We could just want to write the lines that are starting with an `F`.

In [None]:
with open('data/short_poem.txt', 'w') as f:
    for line in read_data:
        if line[0] == 'F':
            f.write(line)

Now go and check the your folder and see whether you wrote the correct output to the file.

## CSV

Files can contain text, but also data. For example, you can export a spreadsheet to a CSV file. In this case, each row is presented as a line in the file, with each column separated by a comma (CSV stands for Comma Separated Values).

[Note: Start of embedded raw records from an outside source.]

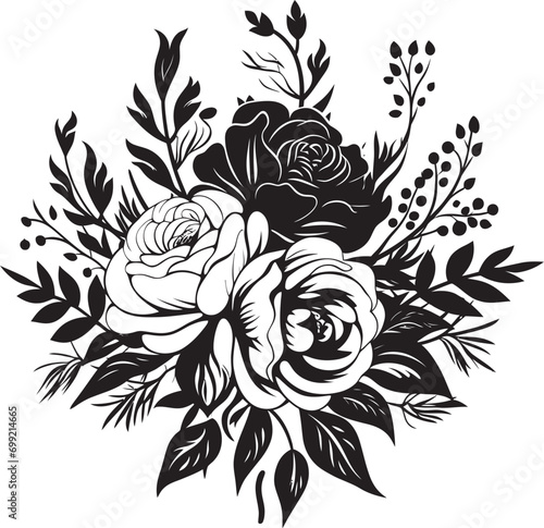 Fototapeta premium Regal Floral Medley Black Bouquet Emblem Chic Petal Fusion Decorative Black Icon
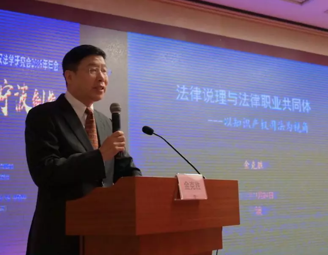 最高人民法院知识产权庭原副庭长、中国知识产权法学研究会副会长金克胜庭长首先做了《知识产权裁判中的法律说理》的主旨演讲。
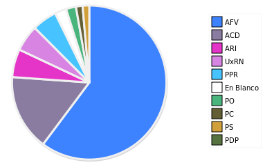 - Columna Porcentaje sobre Válidos no toma en cuenta los votos en blanco ni nulos (usado para D'Hondt de corresponder).
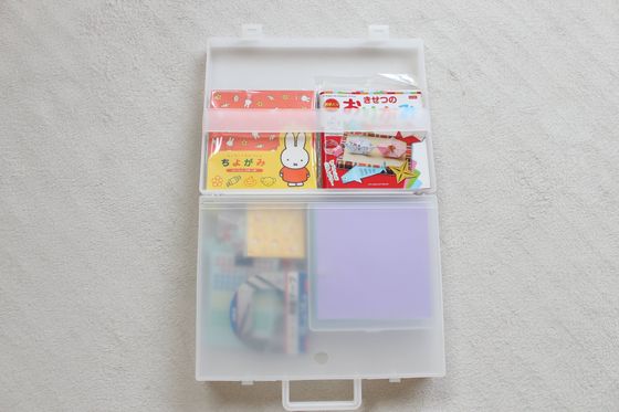 わが家では、このように、折り紙グッズの収納に使っている他、「裁縫道具入れ」としてもこちらのケースを活用しています。

You can load CSV files into your Python program. To do that, you first need to import a module from the standard library. You will learn more about importing later.

In [None]:
from csv import reader

With the reader imported, you can load the data simply:

In [None]:
with open('data/tips.csv', 'r') as input_file:
    tips_reader = reader(input_file)
    meals = list(tips_reader)
meals[:5]

This method for loading the data gives raw results: a list of lists. The first line contains the labels (the column headers of the spreadsheet). Ideally, you would like to use to labels when loading the data.

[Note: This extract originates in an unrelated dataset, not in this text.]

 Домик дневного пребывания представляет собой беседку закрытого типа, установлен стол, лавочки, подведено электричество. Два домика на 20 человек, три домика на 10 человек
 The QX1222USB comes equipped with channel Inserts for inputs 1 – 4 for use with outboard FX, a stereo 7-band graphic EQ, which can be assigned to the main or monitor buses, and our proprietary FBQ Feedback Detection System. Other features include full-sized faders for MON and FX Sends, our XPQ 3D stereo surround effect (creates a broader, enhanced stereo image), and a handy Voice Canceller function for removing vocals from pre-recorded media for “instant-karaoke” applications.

The reader `DictReader` provides that functionality:

In [None]:
from csv import DictReader
with open('data/tips.csv', 'r') as input_file:
    tips_reader = DictReader(input_file)
    meals = list(tips_reader)
meals[:3]

Note that the results are returned as a list of `OrderedDicts`. This is a special type of dictionary, which can be imported from `collections` where the order is conserved.